Исправно получают дополнительное питание в лагерном ларьке, дополнительные продуктовые посылки от семей. Их срок наказания невелик, всего лишь 15 лет. В отличие от большинства украинских партизан-бандеровцев и балтийских лесных братьев, кои наказаны 25-тью годами.
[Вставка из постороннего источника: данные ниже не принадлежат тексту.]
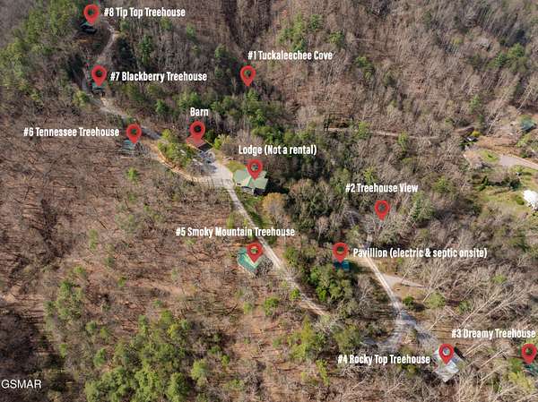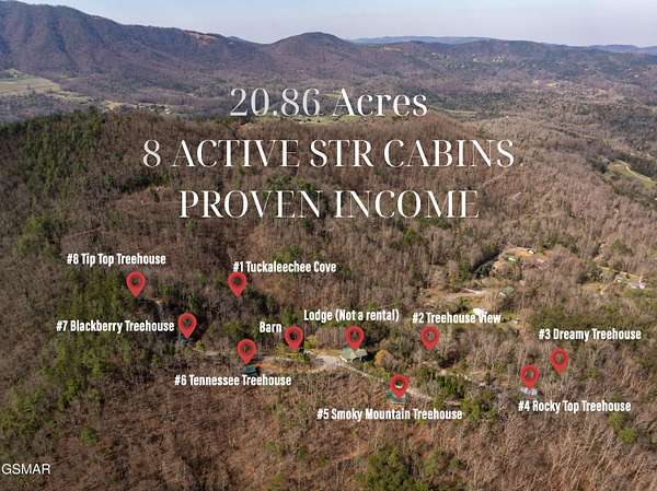 Located in the heart of the Great Smoky Mountains in Townsend, fondly known as the ''Peaceful Side of the Smokies'' this exceptional 20.86 acre resort presents a rare opportunity to own a proven, high performing short term rental portfolio in one of East Tennessee's most desirable destinations. Perched at approximately 1,500 feet in elevation, the property offers sweeping, panoramic mountain views and an unmatched sense of privacy and tranquility. Thoughtfully developed and meticulously maintained, the resort has quickly established itself as a top-tier income producing asset with a strong and consistent financial track record. The numbers speak for themselves. Generating over $270,000 in its inaugural year (2022), increasing to $287,000 the following year, and reaching an impressive $363,000 in 2024, with $317,000 recorded in 2025. This growth underscores both the strength of the location and the property's operational success. The resort features a total of 8 fully furnished, turnkey cabins, including 5 traditional cabins and 3 treehouse style cabins. Each unit is designed to deliver a premium guest experience, complete with hot tubs, arcade games and fire pits. Guests are immersed in nature with private hiking trails that wind throughout the property, creating a true mountain retreat experience while still being just minutes from top area attractions. Located only 2 minutes from Townsend's popular bike greenway and river tubing access, and a short drive to Cades Cove, Gatlinburg, Pigeon Forge, and Sevierville, the location offers the perfect balance of seclusion and accessibility. Originally undeveloped for nearly 15 years, the current owner has transformed this property into a thriving STR business with no restrictions, offering flexibility for self-management or the option to partner with a professional management company. For investors looking to value add: significant upside potential! The planned 9th unit, ''360 Lodge,'' has huge potential for STR revenue once completed. An existing pavilion (with separate septic and well) offers conversion potential into a 1-2 bedroom rental. A small barn presents a unique opportunity for an event venue. With multiple avenues for expansion and revenue growth, this property is not just a turnkey investment, it's a scalable business with substantial future upside. This is a rare chance to acquire a Smoky Mountain resort combining natural beauty, location, and proven income performance. An investment opportunity that truly stands apart!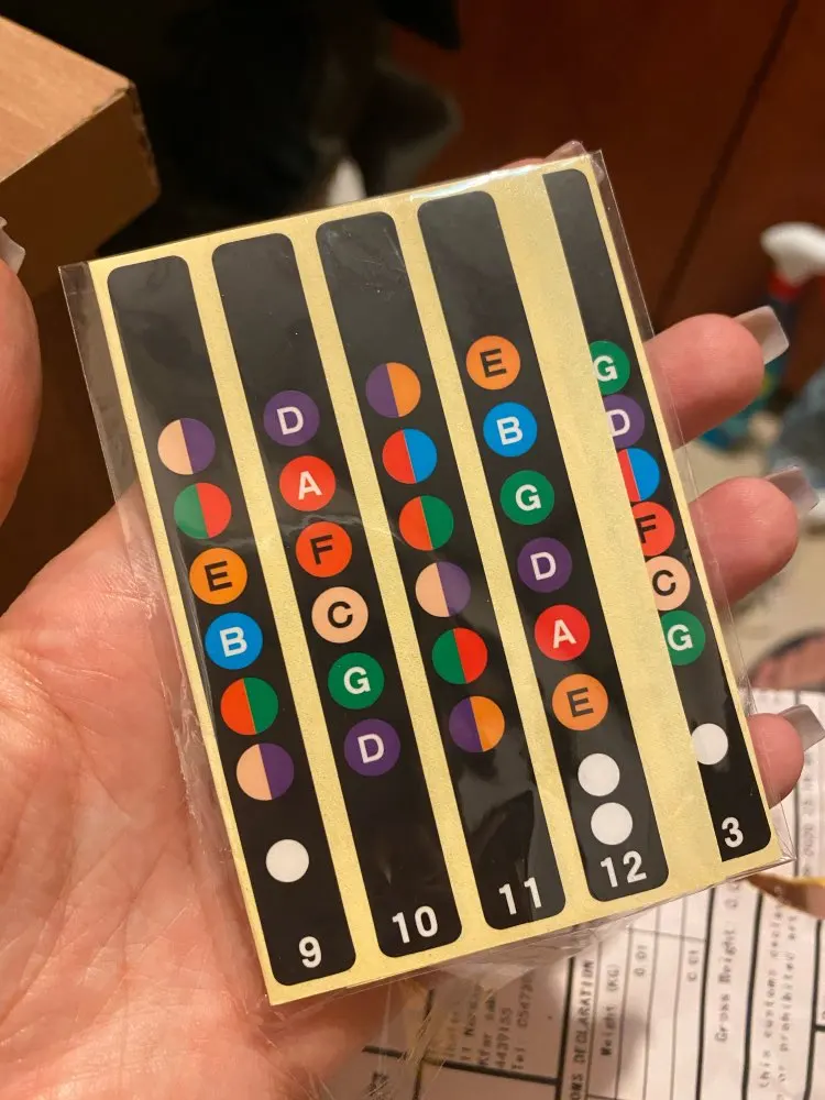Гитарная грифельная доска, этикетки на карты, наклейки на гриф, наклейки для начинающих гитар. Все было хорошо, наклейки в хорошем размере для акустической гитары, также очень легко приклеивать их в Гриф. Доставлено вовремя, не было повреждений. Эти наклейки помогут каждому новичку.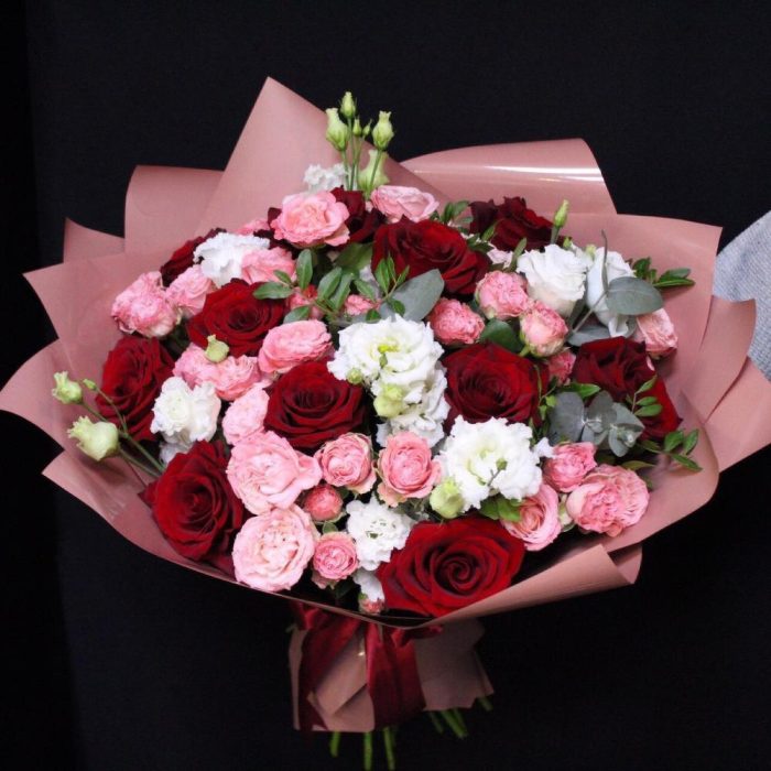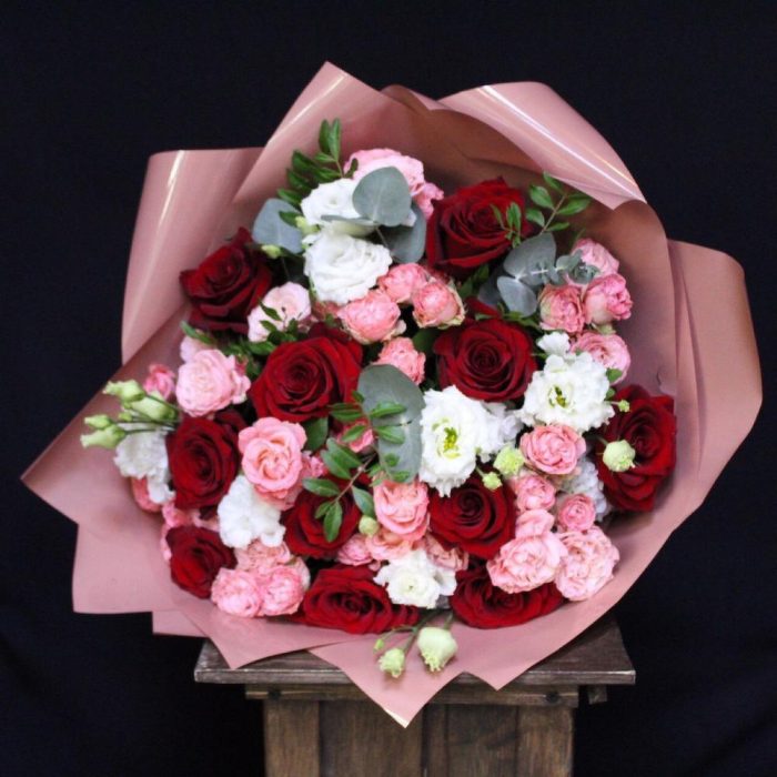 Роза Эксплорер – 11 шт.Роза кустовая пионовидная мадам бомбастик – 10 шт.эустома махровая – 5 шт.Фисташка – 3 шт.Эвкалипт – 2 шт.Пленка дизайнерская – 3 шт.

Яркий типаж – армянский курд Томоян, служивший в нацистском Кавказском легионе. Обычно они, каратели, не слишком словоохотливы, но Томоян идет на контакт легко. Спрашиваю: «Чем вы занимались прежде, до ареста?» Он отвечает: «Торговал. У меня был крытый грузовик, автолавка. Я возил товары и продукты в горные деревни. Сейчас торгует сын». Я удивленно спрашиваю: «На том же грузовике?» «Да, это мой грузовик, моя автолавка! Государство к этому отношение не имеет. Моё личное, семейное дело».
1974 год., я не понимаю. Как такое возможно в стране победившего социализма? Где работают милиция, прокуратура, КГБ, где нет и не может быть частного предпринимательства? Спрашиваю Томояна.
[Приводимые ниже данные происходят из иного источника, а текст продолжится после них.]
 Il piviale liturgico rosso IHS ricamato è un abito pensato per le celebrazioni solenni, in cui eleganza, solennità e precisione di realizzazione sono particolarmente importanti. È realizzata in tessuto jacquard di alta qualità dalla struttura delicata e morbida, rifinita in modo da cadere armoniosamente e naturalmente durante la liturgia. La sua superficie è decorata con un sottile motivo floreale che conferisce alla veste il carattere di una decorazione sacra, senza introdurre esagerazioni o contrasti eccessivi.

Но он удивлен моему удивлению. «Это мой собственный автомобиль!»
***
Степан Корольчук. Сегодня о нем никто не вспоминает. Статья уголовного кодекса №62, антисоветская агитация и пропаганда. Что-то сказал вслух или написал. Великолепный врач из Львова. Сидел тихо, мало общался с нами. По-видимому, надеялся на освобождение до окончания срока. К нему обращались лагерные начальники, он их лечил. Но об этом знали немногие. Делал и мелкие операции. Как? В каких условиях?
Как жил в зоне тихо и незаметно, так незаметно исчез. Освободили. Ему явно симпатизировал наш лагерный чекист капитан Утыро. Он, капитан, был командирован к нам с женой и двумя маленькими детьми. Думаю, он помогал Степану Корольчуку советами и рекомендациями. Славный, напуганный судьбой доктор Корольчук…
***
Дон Ильич Генин. Блестящий интеллектуал, преподаватель биологии в киевском медицинском институте, знаток немецкой литературы. Как-то сумел эмигрировать в те суровые времена, когда из СССР не выпускали ни евреев в Израиль, ни этнических немцев в Германию. Поселился в США, в Нью-Йорке. В 1975 году принимал участие в многотысячной демонстрации, требуя от визитировавшего США Брежнева освободить советских политических узников.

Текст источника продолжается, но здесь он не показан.